The last 3 conditions limit the number of rows, by asking if accomplished and within time period. Could they be better positioned (earlier) in the query? Is the 5th AND ... necessary?
Open to all ideas. Thanks for looking.
It's hard to know exactly how to help without seeing the table definition.
Don't delete the self-join (the same table mentioned twice) because this query is clearing out duplicates (check_in.Num > vtable.Num).
Do you have an index on depTime? If not, add one.
You may also want to add a compound index on
(empNum,depCity,travelerName,depTime,fltNum)
to optimize the self-join. You probably have to muck about a bit to figure out what works.
If your objective is to delete dupicates, the the solution is to avoid having duplicates in the first place - define a unique index across the fields that you deeem to collectively define a duplicate (but you won't be able to create the index while you have duplicates in the database).
The index you need for this query is on (deptime,empnum,depcity,travellername,fltnum,num,accomp} in that order. The deptime field has to come first for it to optimize the 2 accesses on the table. Once you've removed the duplicates, make the index unique.
Leaving that aside for now, you've got a whole load of performance problems.
1) you appear to be offering some sort of commercial service - so why are you waiting for your ISP to tell you that your site is running like a dog?

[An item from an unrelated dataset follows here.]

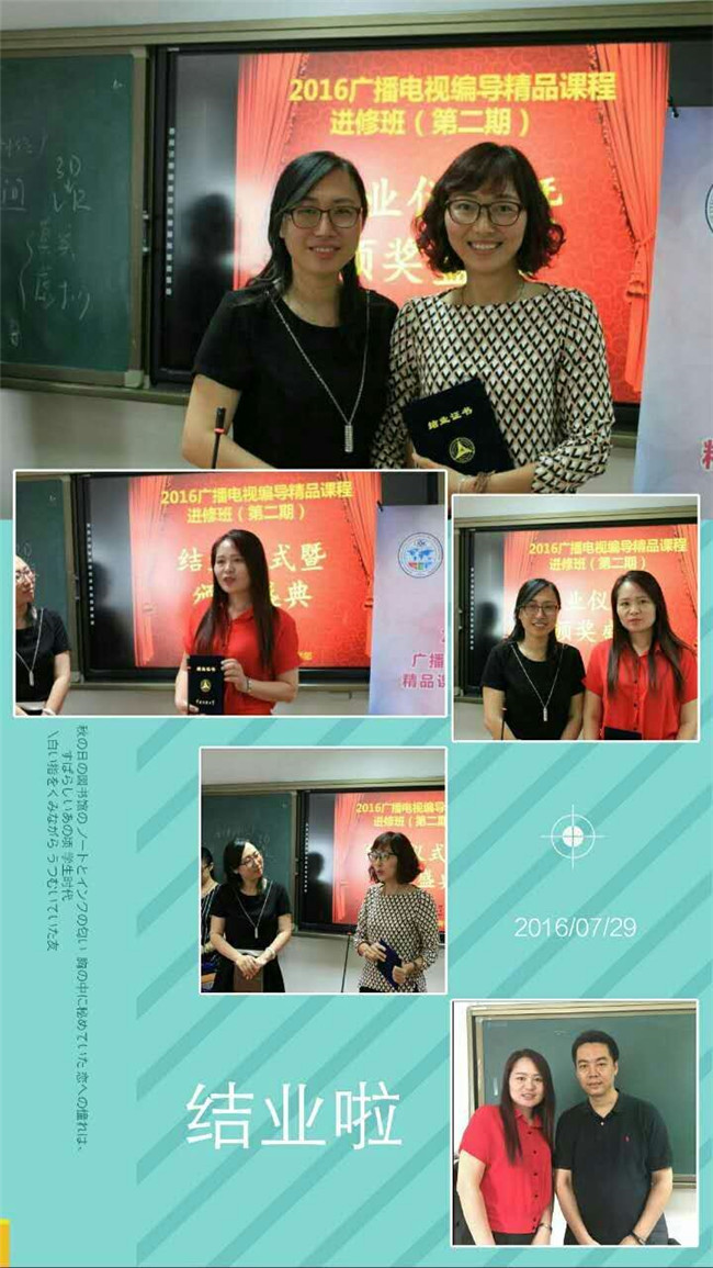 7月29日,伴随着结业仪式的音乐,10天的学习结束了。两位老师顺利结业同时收获颇多。不仅在名师的讲解中了解了前沿的行业动态,了解当今国内外电视传播的现状、环境,更让老师们深刻感受到全球化今天的中国在文化传播上的紧迫性和艰巨性。此次进修老师们在聆听中学习,在学习中思考,在思考中收获,在收获中提高。

2) while your indexes should be designed to prevent duplicates, there are many cases where other indexes will help with performance - but in order to understand what those are you needto look at all the queries running against your data.
3) the blob should probably be in a separate table
Could they be better positioned (earlier) in the query?
Order of predicates at the same level in the query hierarchy has no impact on performance.
is the 5th AND necessary?
If you mean 'AND ( Check_in.Num > vtable.Num )', then yes - without that it will remove all the rows that are duplicated - i.e. it won't leave one row behid.
The purpose of indexes is to speed up searches and filters... the index is (in layman terms) a sorted table that pin-points each row of the data (which may be itself unsorted).
So, if you want to speed your delete query, it would help to know where the data is. So, as a set of thumb rules, you will need to add indexes to the following fields:
Every primary or foreign key
Every date on which you perform frequent searches / filters
Every numeric field on which you perform frequent searches / filters
I avoid indexes on text fields, since they are quite expensive (in terms of space), but if you need to perform frequent searches on text fields, you should also index them.